According to the above facts of recognition, the above withdrawal was also treated as the revenue of the non-party company as the transactional account of the non-party company. Thus, it is illegal for the defendant to regard it as the deposit withdrawal of the non-party deceased and include it in the additional amount of Article 7-2 of the Act.

(B)Second, in full view of the statement and the purport of the argument in Eul evidence No. 4 (7 pages thereof), the defendant included 309,937,701 won of the non-party deceased's withdrawal of the term deposit at the Bank of Korea on March 15, 1990 in the deposit withdrawal amount. However, the amount of 300 million won out of the term deposit withdrawal amount is deposited by offsetting the company's loans to the non-party company's above bank operated by the non-party deceased on the same day, and the non-party deceased withdrawn only 9,937,701 won, and there is no counter-proof. According to the above facts, it is clear that 30 million won out of the amount of the term deposit withdrawal amount is included in the deposit withdrawal amount in this case. Thus, it is unlawful that the defendant included it in the deposit withdrawal amount.

(C) Third, the non-party deceased asserted that on June 30, 1989, he paid 100 million won to the non-party Hong○ on the deposit withdrawal amount of this case to the non-party Hong○ on November 30, 1989, 30 million won to the non-party Kim○ on December 8, 199, 150 million won, 7.5 billion won to the non-party ○○ on March 15, 1990, 1990. However, the non-party 6 through 8, 10-1 of evidence Nos. 6 through 8, 10-1 of evidence Nos. 15-1, 15-2, 19-1 through 4 of evidence Nos. 19-1, and 00 of testimony amount to the non-party ○○ on the non-party ○ on the part of the non-party ○ on the deposit withdrawal amount of this case, and the following facts are not recognized otherwise.

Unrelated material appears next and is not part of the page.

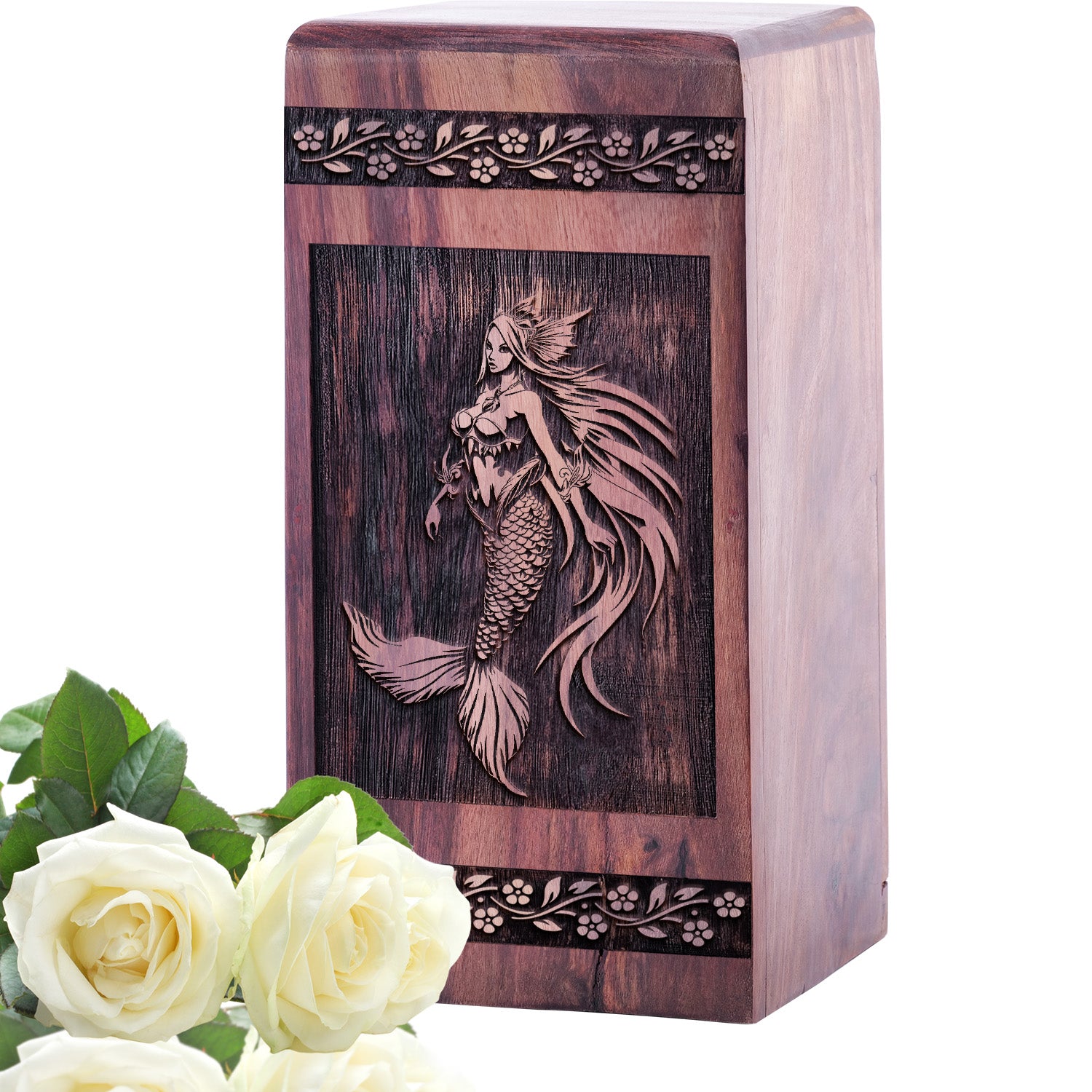 Celebrate the beauty of your loved one’s life with the Handcrafted Mermaid Keepsake Wooden Urn. Featuring an intricately Wood Boxed mermaid motif, this Wood Box Cremation Urn symbolizes strength, elegance, and the eternal connection to cherished memories.

(D) Although it is alleged that the amount stated in the separate sheet No. 4. Deposit No. 13 to ○○○○○○○○○○○○○○○○ was used as indicated in the same slip, the testimony of the witness Kim○○○○ is difficult to believe, and there is no other evidence to acknowledge this. Rather, the plaintiffs' assertion that the non-party who established the account at several banks, etc. was able to keep the cash for a considerable period from the date of withdrawal to the date of its re-deposit or use, as well as evidence No. 13-1 to 16, No. 15-1,2, No. 16, No. 17-1 to 17, No. 17-2, No. 17, and No. 99, No. 17, No. 98, Dec. 1, 19, 207, which was objectively found to be non-party 1 and the testimony of the plaintiff Byung○○○○○○○○ Hospital's pre-sale.

"Therefore, in the disposition of this case, the defendant included 19,073,446 won in the taxable value of the inherited property on attached 3. The sale price of this case, which is clear in its use, 916,406,562 won in the sale price of this case, and 50,605,230 won in the amount of the withdrawal from the non-party company ○○ Bank ○○○○ Dong, which is revealed to be the old account of the non-party company, and 300,000,000 won in the amount of the deposit withdrawal of this case which is found to be offset and appropriated for the repayment of the non-party company's debt, and 1,267,011,792 won in the aggregate of the amount of the non-party company's debt 4.2 of attached Form 4.2 of the Act, it is unlawful to include each of them as stated in attached Form 5.5. When calculating the legitimate inheritance tax and defense tax amount for each of the plaintiffs's inheritance shares, it is clear."

"If so, the defendant's disposition of this case is legitimate only for the portion indicated in the "political party tax amount" column in the attached Table 1. The defendant's disposition of this case shall be revoked as unlawful. Thus, the plaintiffs' claim of this case shall be accepted within the above recognition scope as reasonable, and the remainder shall be dismissed as it is without merit. It is so decided as per Disposition.